Here is a link to one of mine if you want to check and compare it to the quality of yours. Of course mine wasnt perfect to start with..but looked pretty good to me. 
Misty Boland | Facebook


----------



## shmne (Jul 30, 2010)

What software are you using for your photos? If it handles RAW files, than it should be able to convert them into jpeg. 

I'm not sure if facebook supports uploading pngs (pngs have a lot of information that need to be read to display properly). Though facebook is known to destroy image quality anyway, I can't tell you have amazing the color looks on flickr, but on facebook the color will be just miserable.


----------



## vhagen (Jul 30, 2010)

Yeah, I just dont understand why the heck they look so bad on FB? heres my link to some of my stuff... go ahead and add me because im private to most users but take a look at my "artfully touched" album.... Im really hating that they look crappy on FB. On disc and on computer by themselves they look way better... I dont get how these other photographers can get their pictures up without the images looking so bad...? 


Misty for some reason it wasnt allowing me to even go to your page? 

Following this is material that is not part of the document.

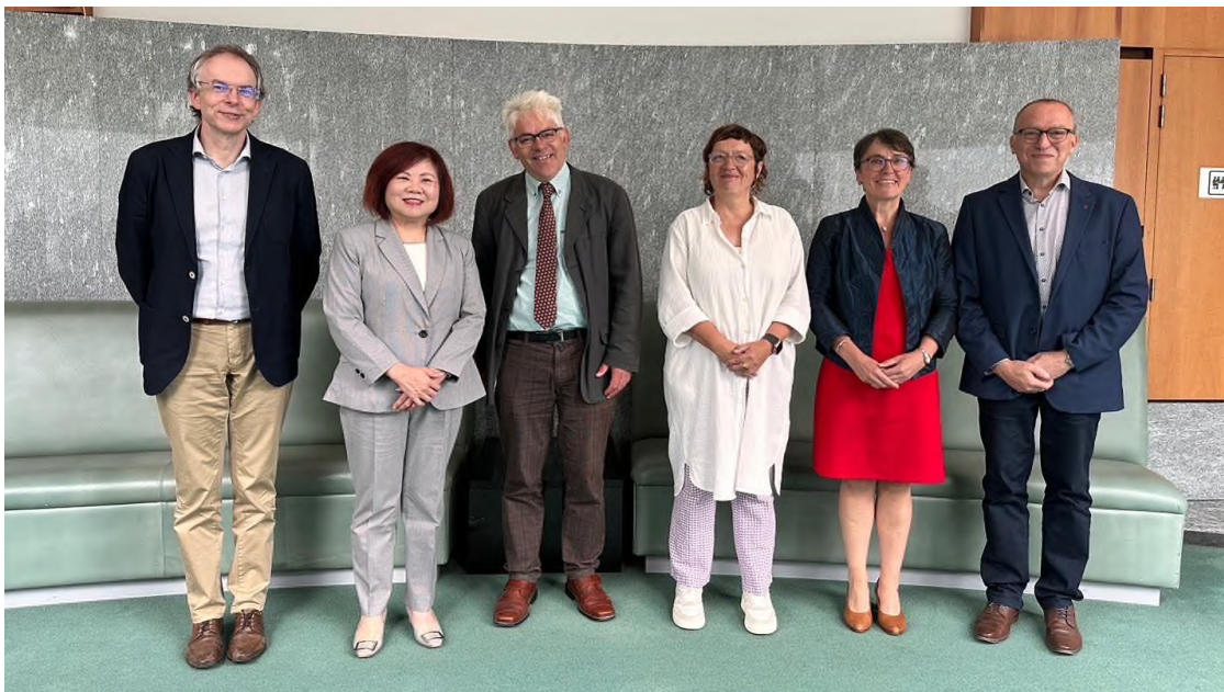
Image 13: Minister Hsu Ming-chun and the Chairman of the Belgian National Labour Council (3rd from the left) and others posing for a photo.
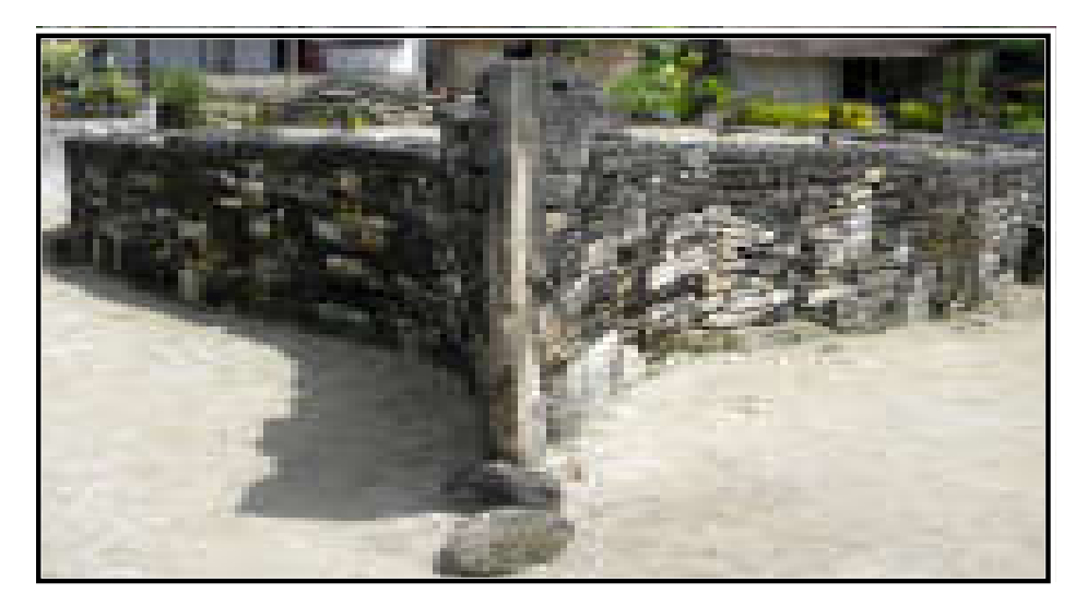
Figure 2. The prow oa a stone boat monument at Sangliat Dol

Naditira Widya Vol. 4 No. 2/2010- Balai Arkeologi Banjarmasin

Im using CS4 to save my work... and it gives me all the other file saving options except JPG.... dont know what to do?


----------



## vhagen (Jul 30, 2010)

Vanessa Hagen | Facebook

 heres my FB.. sorry forgot to add in the last thread


----------



## vhagen (Jul 30, 2010)

Orrr maybe not.... just look for vanessa Hagen on there. theres a pic of me with two other gals in the pic...


----------



## lordfly (Jul 30, 2010)

Your profile isn't public, ergo we cannot see the photos.


----------



## vhagen (Jul 30, 2010)

yeah ill have to make that album public so I can get some critque.... for some reason MOST of the photographers I have met have been ever so rude to not want to share how they are able to learn to take the shots they take and make them look amazing... I know everyone has their own way of doing things BUT why do they have to be so rude!?


----------



## Noonz (Jul 30, 2010)

PNG would be the best file format to save images to facebook(saves a lot of the quality). The best thing you could do is reduce the size of your images according to the default sizes on facebook (which is 720x463 - landscape) or something close to that. When you upload larger files, facebook compresses them. If they didnt, i dont think the Facebook server would be able to withhold so many millions of photographs people upload from all around the world..


----------



## vhagen (Jul 30, 2010)

its publicly available to veiw at least it should be on FB.... Vanessa Hagen and then the "artfully touched" album


----------



## vhagen (Jul 30, 2010)

Noonz said:


> PNG would be the best file format to save images to facebook(saves a lot of the quality). The best thing you could do is reduce the size of your images according to the default sizes on facebook (which is 720x463 - landscape) or something close to that. When you upload larger files, facebook compresses them. If they didnt, i dont think the Facebook server would be able to withhold so many millions of photographs people upload from all around the world..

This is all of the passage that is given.